═════ Record extracts ═════

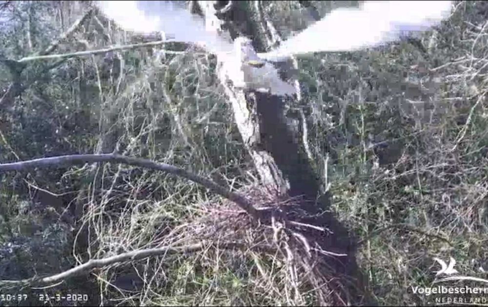 Gelegenheid maakt de dief. De nestcam is (nog) niet definitief bezet. Een Lepelaar ziet de kans schoon!
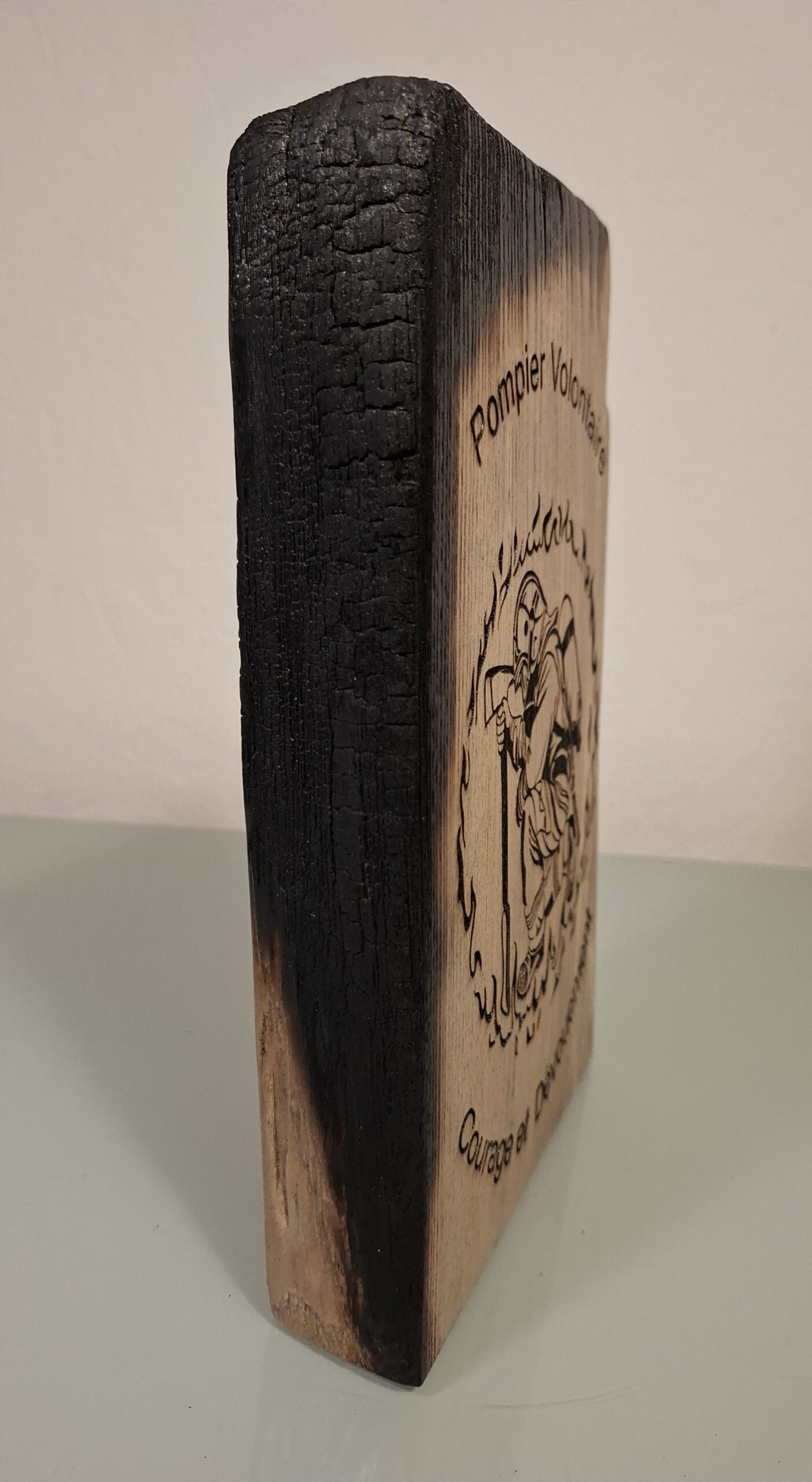 Trophée en bois massif gravé thème pompiers – Une pièce de collection
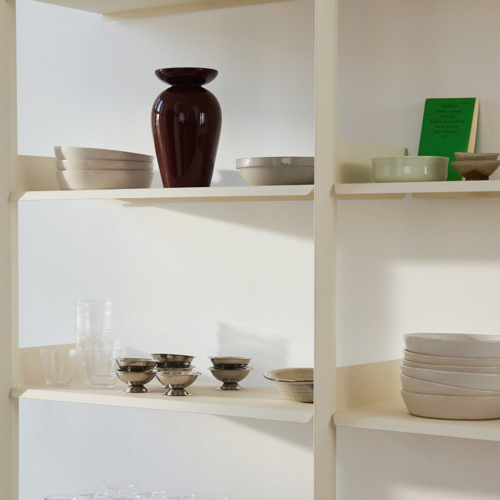 את הצורות הפיסוליות של כל אגרטל Momento ניתן לזהות לעתים קרובות בציוריו של חיון, שני היצירות הייחודיות מציגות זהות גרפית חזקה ושובבה. שניהם איקוניים באותה מידה בצורתם, ה-JH40 מגיע בצבע קרם רך, בעוד שה-JH41 זמין בירוק אזמרגד נועז - שני גוונים שנבחרו בשל הרבגוניות שלהם והקשר שלהם לצבעים הרעננים של הצמחייה. העיצוב בעל הצוואר הדק של אגרטלי Momento, המשרתים מטרה מעבר לאסתטיקה בלבד, דורש מהמשתמשים להיות בררנים בעת הנחת פרחים בתא, ומעודדים רגע של מודעות תוך כדי בניית זר.
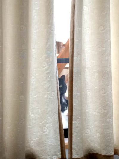 JUGEMテーマ:2匹の猫の暮らし 猫ちゃんを家の中で飼いたいのは、やまやまですが、 どうしても無理な、うちのお抱え職人さん。 なので、我家にはリビングに面した場所に、猫ちゃんの部屋があります。 窓の側で、転がれるように、台を設置してるので、 窓越しに中の様子を覗うのです。 この日、カーテンをちゃんと開けてやってなかったんですね〜〜。(汗;) 細い隙間から、2匹で覗いてました。 その感じが、妙に笑え、いただき〜。 可愛い画が撮れました。^^
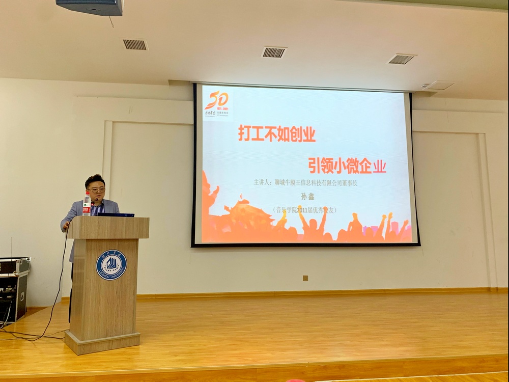 5月10日下午,英国365集团公司50周年校庆之校友创新创业讲坛系列活动在七点创业谷路演厅举行。英国正版365首页2011届优秀校友、聊城牛膜王信息科技有限公司董事长孙鑫鑫作了题为“打工不如创业,引领小微企业”的报告,英国正版365首页党总支书记,英国正版365首页党总支副书记及英国正版365首页学生代表参加此次活动。
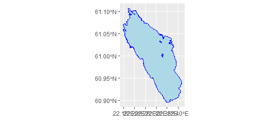 ggplot(data=pyhajarvi$osm_polygons)+ geom_sf(color="blue", fill="lightblue")
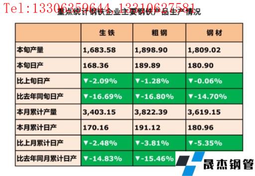 2月24日訊,2月中旬,重點統(tǒng)計鋼鐵企業(yè)共生產(chǎn)粗鋼1898.9萬噸、生鐵1683.58萬噸、精密鋼管1809.02萬噸。其中,粗鋼日產(chǎn)189.89萬噸,環(huán)比下降1.28%;生鐵日產(chǎn)168.36萬噸,環(huán)比下降2.09%;精密鋼管日產(chǎn)180.9萬噸,環(huán)比下降0.06%。精密鋼管庫存量1690.35萬噸,比上一旬增加4.95萬噸,增長0.29%;比去年同期減少64.38萬噸,下降3.67%。
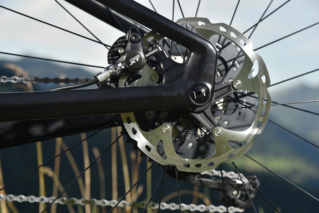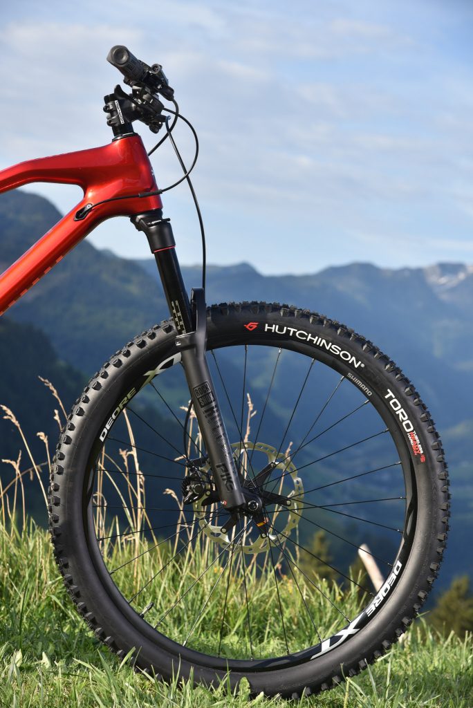 Dans la relance ascendante de la Toutafond, on a apprécié le bon rendement du M01 FS, lié aux bases courtes et à la rigidité du triangle arrière en carbone. Une rigidité qui, si elle se ressent, ne nous a pas, durant ce court roulage, perturbés. Le choix de la contrebalancer par les roues plus “tolérantes” que sont les Shimano XT (plutôt qu’une option tout carbone, qui aurait renforcé ce caractère) semble avoir été pertinent.

═════

◆ **Exercise objective**
Would you repeat the material exactly, keeping out any pictures?

◆ **Answer box**
 Gelegenheid maakt de dief. De nestcam is (nog) niet definitief bezet. Een Lepelaar ziet de kans schoon!
 Trophée en bois massif gravé thème pompiers – Une pièce de collection
 את הצורות הפיסוליות של כל אגרטל Momento ניתן לזהות לעתים קרובות בציוריו של חיון, שני היצירות הייחודיות מציגות זהות גרפית חזקה ושובבה. שניהם איקוניים באותה מידה בצורתם, ה-JH40 מגיע בצבע קרם רך, בעוד שה-JH41 זמין בירוק אזמרגד נועז - שני גוונים שנבחרו בשל הרבגוניות שלהם והקשר שלהם לצבעים הרעננים של הצמחייה. העיצוב בעל הצוואר הדק של אגרטלי Momento, המשרתים מטרה מעבר לאסתטיקה בלבד, דורש מהמשתמשים להיות בררנים בעת הנחת פרחים בתא, ומעודדים רגע של מודעות תוך כדי בניית זר.
 JUGEMテーマ:2匹の猫の暮らし 猫ちゃんを家の中で飼いたいのは、やまやまですが、 どうしても無理な、うちのお抱え職人さん。 なので、我家にはリビングに面した場所に、猫ちゃんの部屋があります。 窓の側で、転がれるように、台を設置してるので、 窓越しに中の様子を覗うのです。 この日、カーテンをちゃんと開けてやってなかったんですね〜〜。(汗;) 細い隙間から、2匹で覗いてました。 その感じが、妙に笑え、いただき〜。 可愛い画が撮れました。^^
 5月10日下午,英国365集团公司50周年校庆之校友创新创业讲坛系列活动在七点创业谷路演厅举行。英国正版365首页2011届优秀校友、聊城牛膜王信息科技有限公司董事长孙鑫鑫作了题为“打工不如创业,引领小微企业”的报告,英国正版365首页党总支书记,英国正版365首页党总支副书记及英国正版365首页学生代表参加此次活动。
 ggplot(data=pyhajarvi$osm_polygons)+ geom_sf(color="blue", fill="lightblue")
 2月24日訊,2月中旬,重點統(tǒng)計鋼鐵企業(yè)共生產(chǎn)粗鋼1898.9萬噸、生鐵1683.58萬噸、精密鋼管1809.02萬噸。其中,粗鋼日產(chǎn)189.89萬噸,環(huán)比下降1.28%;生鐵日產(chǎn)168.36萬噸,環(huán)比下降2.09%;精密鋼管日產(chǎn)180.9萬噸,環(huán)比下降0.06%。精密鋼管庫存量1690.35萬噸,比上一旬增加4.95萬噸,增長0.29%;比去年同期減少64.38萬噸,下降3.67%。
 Dans la relance ascendante de la Toutafond, on a apprécié le bon rendement du M01 FS, lié aux bases courtes et à la rigidité du triangle arrière en carbone. Une rigidité qui, si elle se ressent, ne nous a pas, durant ce court roulage, perturbés. Le choix de la contrebalancer par les roues plus “tolérantes” que sont les Shimano XT (plutôt qu’une option tout carbone, qui aurait renforcé ce caractère) semble avoir été pertinent.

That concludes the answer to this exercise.